Ce que j'ai préféré personnellement dans le film, c'est la représentation des humains tels que les voit Mowgli : ce ne sont que des silhouettes éclairées par le feu. En utilisant une imagerie immédiatement réminiscente de la caverne de Platon, Favreau nous montre la distance qui existe entre leur monde et celui d'un petit homme qui n'en a que le nom.


Donc tout ça, c'est génial, mais.
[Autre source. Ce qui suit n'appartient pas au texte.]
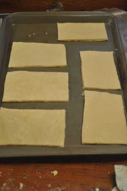 a continuación, paquete de la masa en dos bolas. Tomar una pieza de waxpaper y un poco de harina. Poner una bola de masa en el papel y luego otro trozo de waxpaper en la parte superior. Luego tome un perno de balanceo y rool la masa hasta obtener la masa fina. Luego, cortar rectángulos del tamaño de un Habbo. Realmente depende de cuán grande o pequeño desea la poptarts, pero no desea demasiado pequeño. Hice la mina aproximadamente 3 por 5 pulgadas. Pude hacer seis rectángulos (que hace 3 poptarts) con un poco de masa extra. También hice mi poptarts un poco grueso, porque quería un equilibrio de masa y relleno. Preparar una bandeja para hornear galletas ligeramente engrasado para que no se pega la masa de empanada. Luego, coloque el recorte rectángulos de masa aproximadamente la mitad una pulgada lejos de uno a.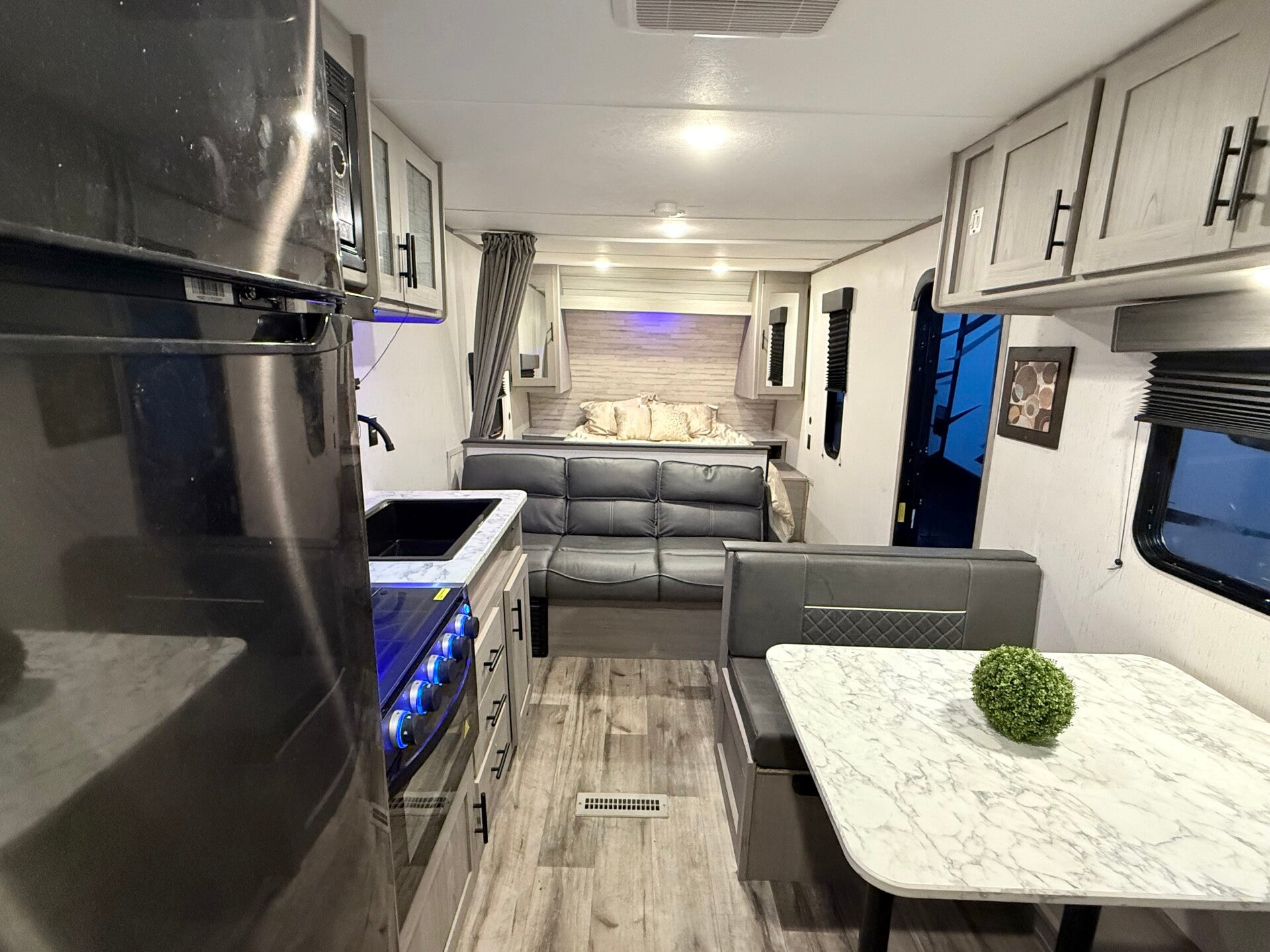 28,5 ft long, 4800lbs with no slideout in great condition, beautiful unit ,sleeping capacity 8 people, rebuilt title, tax,tag & registration included in asking price!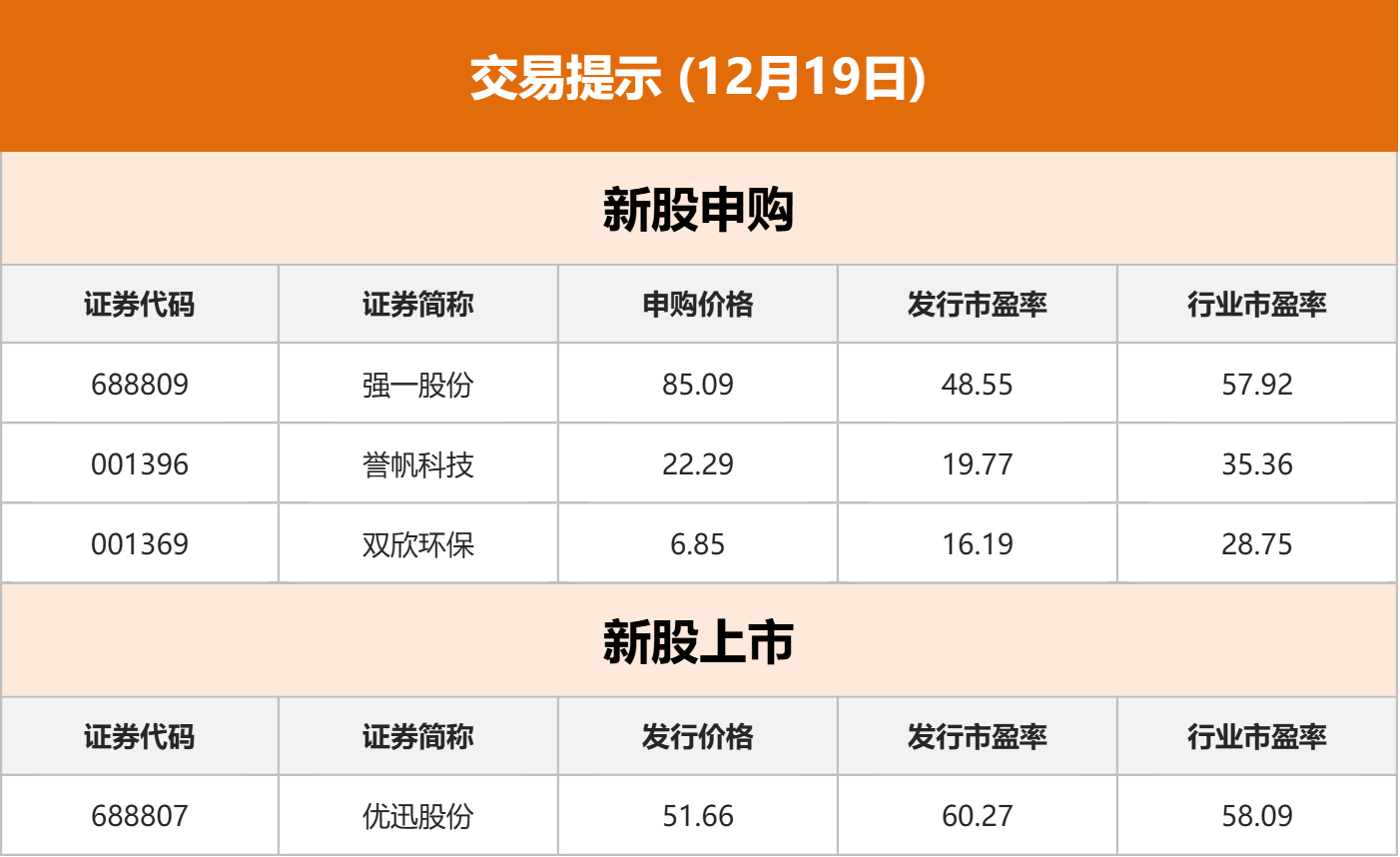 公司新闻OpenAI:当地时间12月18日,据外媒援引知情人士消息,人工智能(AI)巨头OpenAI正在就融资事宜与投资者进行初步谈判,公司的估值或将达到7500亿美元左右,并将成为今年最大的融资交易之一。 南都电源:停牌期间,控股股东与交易对方就筹划控制权变更事项进行了充分探讨,但由于涉及事项较多,经交易各方就核心条款经多次协商和谈判后,仍未达成共识,故决定终止本次控制权变更事项。公司股票自2025年12月19日(星期五)上午开市起复牌。 中微公司:公司正在筹划通过发行股份的方式购买杭州众硅电子科技有限公司(简称“杭州众硅”)控股权并募集配套资金,标的资产估值及定价尚未确定。公司股票自12月19日(星期五)开市起开始停牌,预计停牌时间不超过10个交易日。 海天味业:公司制定未来三年(2025-2027年)股东回报规划,规划指出,公司每年度现金分红总额占当年归属于母公司股东净利润的比例不低于80%。该规划尚需提交股东会审议。同时,公司实行2025年回报股东特别分红预案:每10股派发现金红利3.0元(含税)。 药明康德:公司收到控股股东、实控人的一致行动人G&C IVHongKong Limited、G&C V Limited、G&C VI Limited、G&C VII Limited等18家股东通知,上述股东于11月26日至12月17日通过集中竞价和大宗交易方式合计减持公司股份2950.88万股,占本公告日公司总股本的0.989%。 山东高速:公司根据相关会计准则及政策,拟在2025年度对联营企业东兴证券对应的长期股权投资计提减值准备,预计减值准备金额约为6.9亿元,预计导致公司2025年度合并报表利润总额减少约6.9亿元。 立达信:公司于2025年12月17日收到股东李春华《关于减持股份触及1%刻度暨减持计划实施完毕的告知函》,其于2025年12月10日至12月17日期间,通过集中竞价交易方式减持公司股份500万股、通过大宗交易方式减持公司股份281.58万股,合计占公司总股本的1.56%。 四川路桥:中邮人寿保险股份有限公司于2025年12月17日通过二级市场买入股票的方式增持公司114,300股,占公司总股本的0.0013%。增持后,中邮保险持有四川路桥4.35亿股,占公司总股本的5.00%。 信科移动:公司聚焦“空天地一体化”战略,具备星载基站、星载相控阵天线、地面信关站、专用终端、核心网、网管以及测试仪表等系列产品和技术服务能力,是我国卫星互联网产业的先行者和重要参与者,深度参与了我国低轨卫星互联网的在轨验证和组网建设。 博盈特焊:美国燃气轮机的市场需求显著提升。作为燃气轮机的核心换热设备,公司生产的HRSG能够高效回收燃气轮机排放的高温废气,同时产生蒸汽,驱动二次发电,提升电厂的发电效率,成为满足美国市场电力需求的可靠技术选择。 >">点击查看更多上市公司重大公告>> 环球市场![]() 特朗普商业帝国再扩张:当地时间周四,特朗普媒体与科技集团(DJT)已同意与一家获得Alphabet支持的核聚变能源公司进行全股票交易合并,交易总价值超过60亿美元。此次合并将使双方共同建设一系列大型聚变发电厂,以满足人工智能(AI)浪潮带来的能源需求。DJT股价周四大幅飙升,涨幅超过40%。根据协议,交易完成后,特朗普旗下的媒体公司与TAE Technologies的股东将各自拥有合并后公司约50%的股份。交易预计于2026年年中完成,每股TAE股票定价为53.89美元。 美联储主席人选将在未来几周内公布:美国总统特朗普表示,他在面试“三到四位”美联储主席候选人,并预计将很快决定提名谁来接替鲍威尔。“我认为他们每个人都会是很好的选择,”特朗普说。特朗普表示,他不确定是否会在年底前宣布人选,但将会在“未来几周内”公布。特朗普曾暗示心中已有答案,他在本月早些时候称“我已经非常清楚我想要谁了”。尽管如此,特朗普周四称赞了数位候选人。当被问及美联储理事克里斯托弗·沃勒时,他表示双方周三再次会面,并称其“很棒”。特朗普说:“我的意思是,他在那儿很久了。”特朗普还称赞了美联储负责监管的副主席米歇尔·鲍曼,但并未明确其是否进入最终候选名单。 拉加德称货币政策处于良好位置:在欧洲央行今年最后一次管委会会议结束后发表讲话时,拉加德指出,管委会一致决定维持三大关键利率不变,并称当前货币政策“处于一个良好的位置”。不过,她明确表示,这一评估并不意味着利率将沿着固定或可预测的路径运行。 白宫官员盛赞11月CPI:当地时间周四(12月18日),白宫国家经济委员会主任凯文·哈西特对最新公布的消费者价格指数(CPI)报告表示赞赏,并称美国经济正呈现出高增长、低通胀的态势。 OpenAI抢占美国高校:根据媒体查阅的采购订单,OpenAI已向约35所公立大学出售了超过70万份ChatGPT授权,供学生和教职员工使用。相比之下,微软公司通常将其Copilot助手与现有软件打包提供,在这些学校中的推广进展较为缓慢,而且更多是教师在用,学生使用率较低。 交易提示![]() 点击立即参与申购>> 债市纵览Shibor:12月18日,隔夜shibor报1.2730%,下跌0.20个基点;7天shibor报1.4260%,下跌0.20个基点;14天shibor报1.5820%,上涨11.10个基点;1月shibor报1.5500%,上涨0.90个基点;3月shibor报1.6030%,上涨0.20个基点。 欧债:欧市尾盘,英国10年期国债收益率涨0.7个基点,报4.482%。德国10年期国债收益率跌1.4个基点,报2.850%。法国10年期国债收益率跌1.9个基点,报1.556%,北京时间19:02刷新日低至3.539%。两年期法债收益率跌0.2个基点,报2.333%,也曾在新闻发布会开始后刷新日高至2.365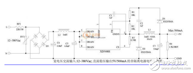 【概述】非隔離 AC-DC 電源芯片降壓電路,一般采用 BUCK 電路拓?fù)浣Y(jié)構(gòu),常見于小家電控制板電源以及工業(yè)控制電源供電。其典型電路規(guī)格包含 5V/500mA、12V/500mA 和 24V/500mA 等,滿足六級能效要求。可通過 EFT、雷擊、浪涌等可靠性測試,可通過 3C、UL、CE 等認(rèn)證。其特點是:電路簡單、BOM 成本低(外圍元件數(shù)目極少:無需變壓器、光耦),電源體積小、無音頻噪音、損耗小發(fā)熱低。 1)220V 轉(zhuǎn) 5V 降壓電路:輸入 12~380Vac,輸出 5V/500mA 如圖 1 所示的電路為一個典型的輸出為 5 V/500 mA 的非隔離電源。它通常應(yīng)用于家用電器的(電飯煲、洗衣機及其它白色家電)。此電路還適合于其它非隔離供電的應(yīng)用,比如 LED 驅(qū)動、智能電表、加熱器以及輔助電源和工業(yè)控制等。電源系統(tǒng)帶有各種保護,包括過熱保護(OTP)、VCC 欠壓閉鎖(UVLO)、過載保護(OLP)、短路保護(SCP)等。電路特點:無噪音,發(fā)熱低。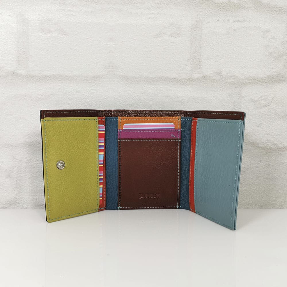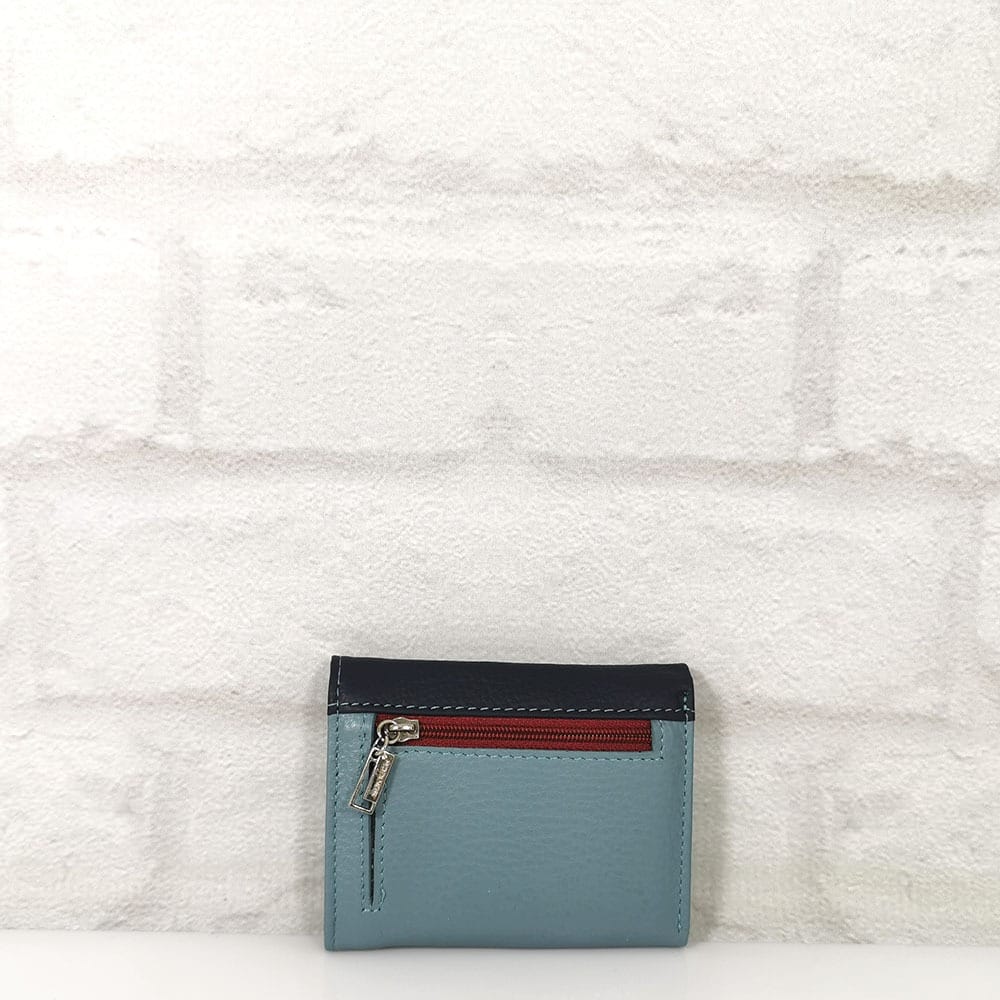 Основна част: една преграда за банкноти, 7 малки отделения за карти или визитки, на гърба джобче с цип
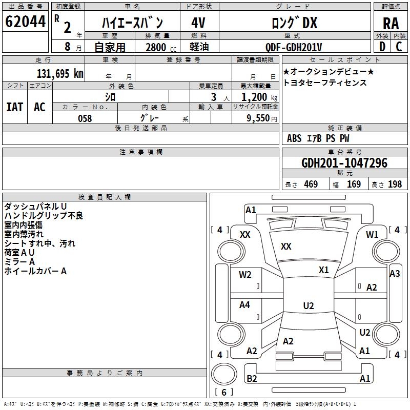 TOYOTA HIACE VAN LONG DX - лот 62044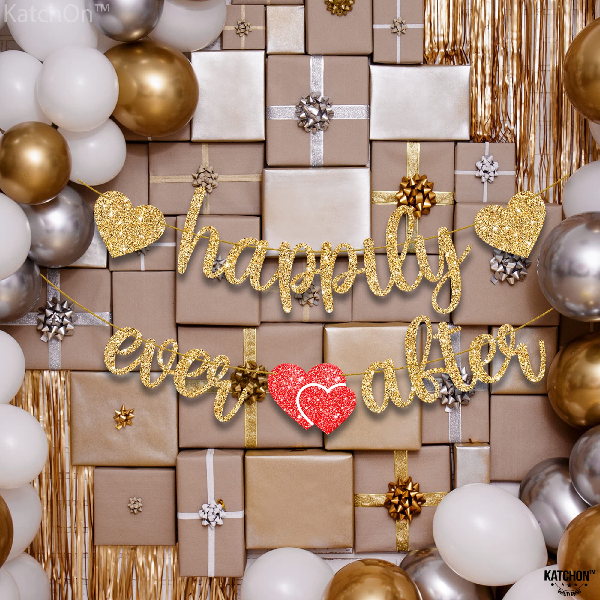 1.) Gold and Red Happily Ever After Banner: Glitter, 10 Feet, No DIY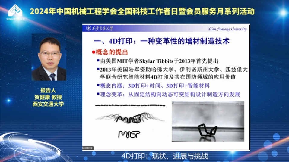 4D打印是一种变革性增材制造技术,其核心原理是通过材料或结构的主动设计,使得制造的构件能够响应外在或内在激励并在时空维度上实现形状、性能或功能的可控变化。4D打印概念从2013年提出至今,在理论框架体系、科学内涵、关键技术和实现方法、工程应用等方面究竟进展到什么程度?5月22日晚,在2024年中国机械工程学会会员服务月首期线上学术报告会上,必赢626net入口必赢626net入口副院长贺健康教授以“4D打印:现状、进展与挑战”为题给我们带来了一场精彩的报告分享。中国机械工程学会特种加工分会副主任委员、增材制造技术分会总干事、必赢626net入口李涤尘教授主持了本场报告会。报告嘉宾独到的见解和前瞻的视角为广大科技工作者展示了4D打印技术的发展全景。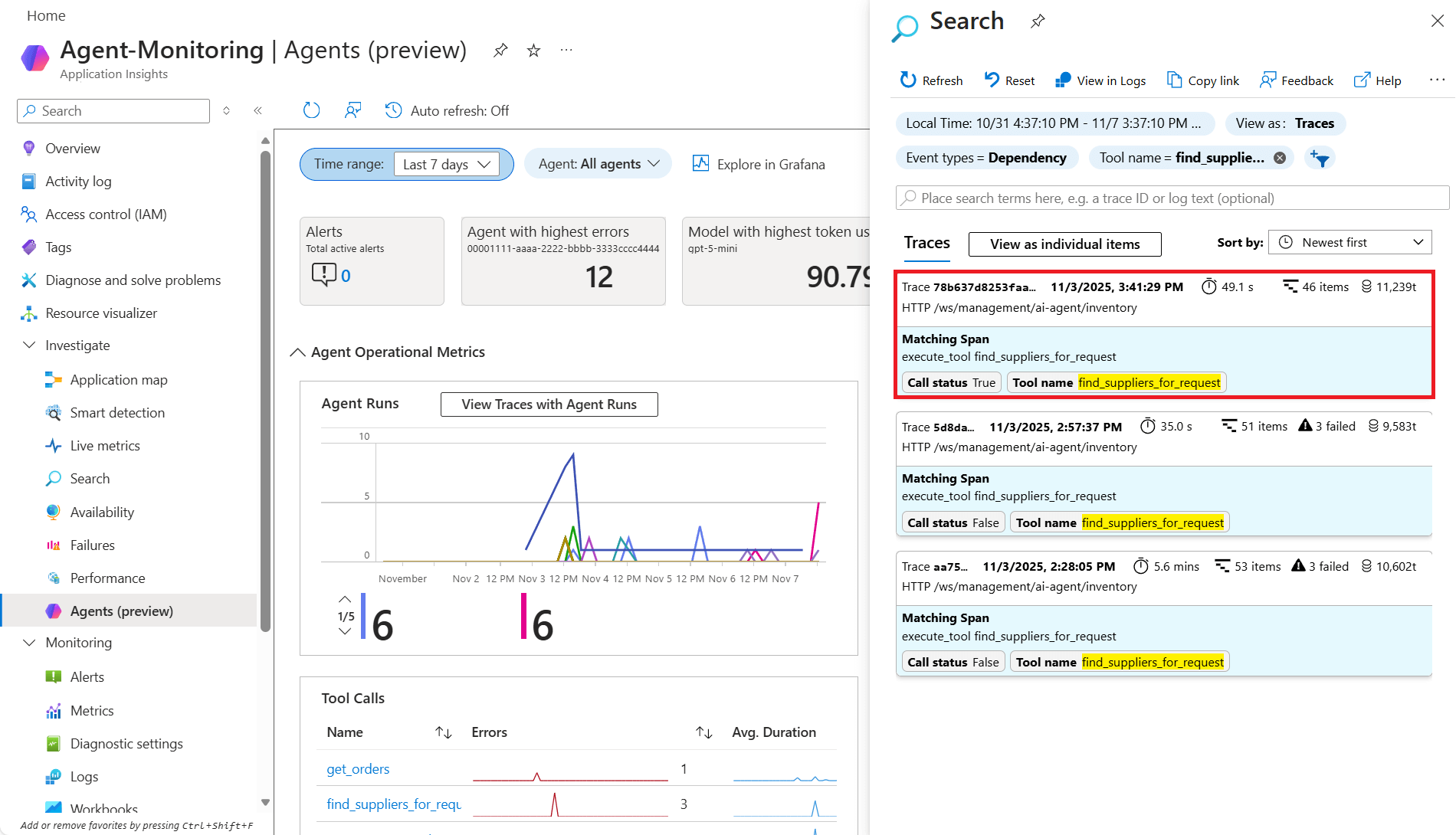 - Просмотр трассировок с помощью запусков агента — просмотр всех выполнений агента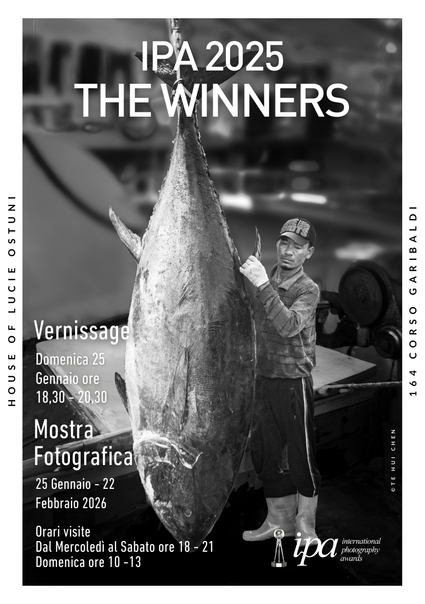 Prosegue l’attività fotografica nella House of Lucie di Ostuni: domenica 25 gennaio, alle 18.30, si inaugura Best of Show, una collettiva dei vincitori delle categorie degli International Photography Awards (IPA) 2025 con una selezione di immagini straordinarie. La mostra è curata da Eleni Mouzakiti, referente della House of Lucie Athens e direttrice artistica del Photopolis Festival.

Car il y a un mais, et même deux maintenant si vous savez compter. Le film ne fonctionne pas dans sa totalité, et c'est précisément parce qu'il tente aussi de faire des clins d’œils plus ou moins appuyés au dessin animé d'origine. Très mauvaise idée ! Parce que tout simplement, ils ne s'accordent pas du tout avec l'angle d'approche du film. Ainsi, toute la séquence avec Baloo ressemble plus à un cheveu dans la soupe de miel, tout comme la chanson du roi des singes, qui ici aussi paraît très étrange. C'est aussi dans ces moments que Favreau tente d'installer la morale du film... qui est super méga casse gueule. Les humains sont mieux que les animaux parce qu'ils savent inventer des outils ? Il ne faut pas vivre ailleurs qu'avec ses semblables ? Le fil rouge de la structure morale, essentielle dans tout film pour enfants, n'est pas clair.


Et ça, j'ai envie de dire tant mieux : car au final, dans cette version du Livre de la Jungle, on a l'impression que toutes les tentatives de morales contradictoires sont anéanties par l'affrontement final. C'est-à-dire que toutes les réflexions s'effondrent face à la nécessité de survie... ce qui fait des vingt dernières minutes du film une sorte de remake de Predator mais pour les enfants.

Il est clair que cette version ne plaira pas à tout le monde ; les clins d'oeils ne seront pas assez pour des puristes, l'angle d'approche épique et primal sera trop pour d'autres... mais dans sa tentative de ne pas imiter pour innover, Favreau construit une oeuvre qui a quelque chose de fascinant, et également son film le plus intéressant à ce jour.